> _Your assignment_
Exact copy, no pictures: return all the data below as written.

> _Supplied data_
=-=-=

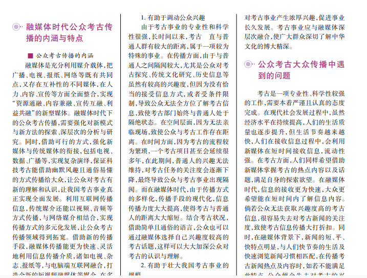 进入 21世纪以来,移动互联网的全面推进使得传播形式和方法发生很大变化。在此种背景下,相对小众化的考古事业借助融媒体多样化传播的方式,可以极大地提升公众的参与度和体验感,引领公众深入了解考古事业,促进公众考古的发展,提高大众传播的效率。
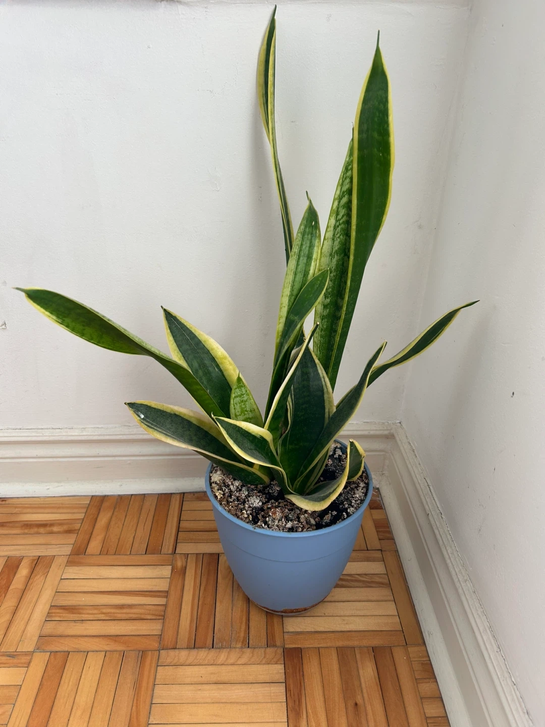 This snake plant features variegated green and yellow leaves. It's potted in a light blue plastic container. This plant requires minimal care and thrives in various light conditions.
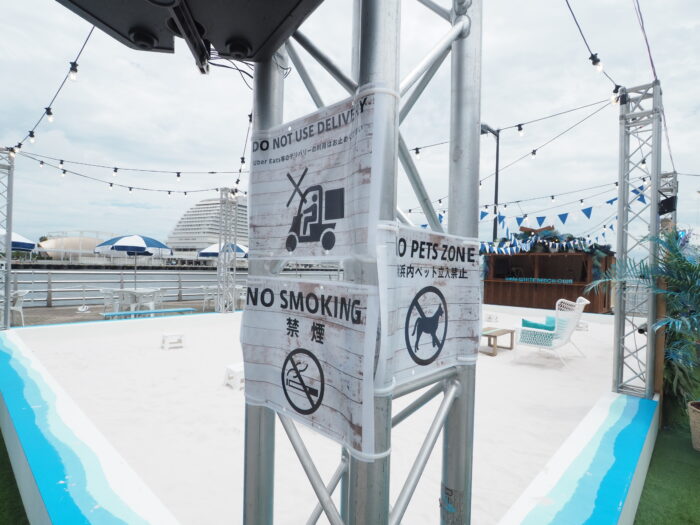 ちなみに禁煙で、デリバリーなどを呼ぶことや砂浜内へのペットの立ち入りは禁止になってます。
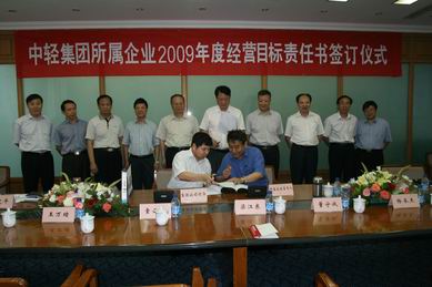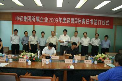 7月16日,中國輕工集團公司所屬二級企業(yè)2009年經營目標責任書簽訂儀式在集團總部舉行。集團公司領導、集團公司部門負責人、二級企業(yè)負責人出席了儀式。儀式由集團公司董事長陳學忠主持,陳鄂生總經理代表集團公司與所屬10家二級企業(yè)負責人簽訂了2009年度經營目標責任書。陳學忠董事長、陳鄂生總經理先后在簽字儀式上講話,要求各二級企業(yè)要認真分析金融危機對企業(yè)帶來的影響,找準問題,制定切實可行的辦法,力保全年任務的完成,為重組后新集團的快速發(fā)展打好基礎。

=-=-=

> _Response to the task_
 进入 21世纪以来,移动互联网的全面推进使得传播形式和方法发生很大变化。在此种背景下,相对小众化的考古事业借助融媒体多样化传播的方式,可以极大地提升公众的参与度和体验感,引领公众深入了解考古事业,促进公众考古的发展,提高大众传播的效率。
 This snake plant features variegated green and yellow leaves. It's potted in a light blue plastic container. This plant requires minimal care and thrives in various light conditions.
 ちなみに禁煙で、デリバリーなどを呼ぶことや砂浜内へのペットの立ち入りは禁止になってます。
 7月16日,中國輕工集團公司所屬二級企業(yè)2009年經營目標責任書簽訂儀式在集團總部舉行。集團公司領導、集團公司部門負責人、二級企業(yè)負責人出席了儀式。儀式由集團公司董事長陳學忠主持,陳鄂生總經理代表集團公司與所屬10家二級企業(yè)負責人簽訂了2009年度經營目標責任書。陳學忠董事長、陳鄂生總經理先后在簽字儀式上講話,要求各二級企業(yè)要認真分析金融危機對企業(yè)帶來的影響,找準問題,制定切實可行的辦法,力保全年任務的完成,為重組后新集團的快速發(fā)展打好基礎。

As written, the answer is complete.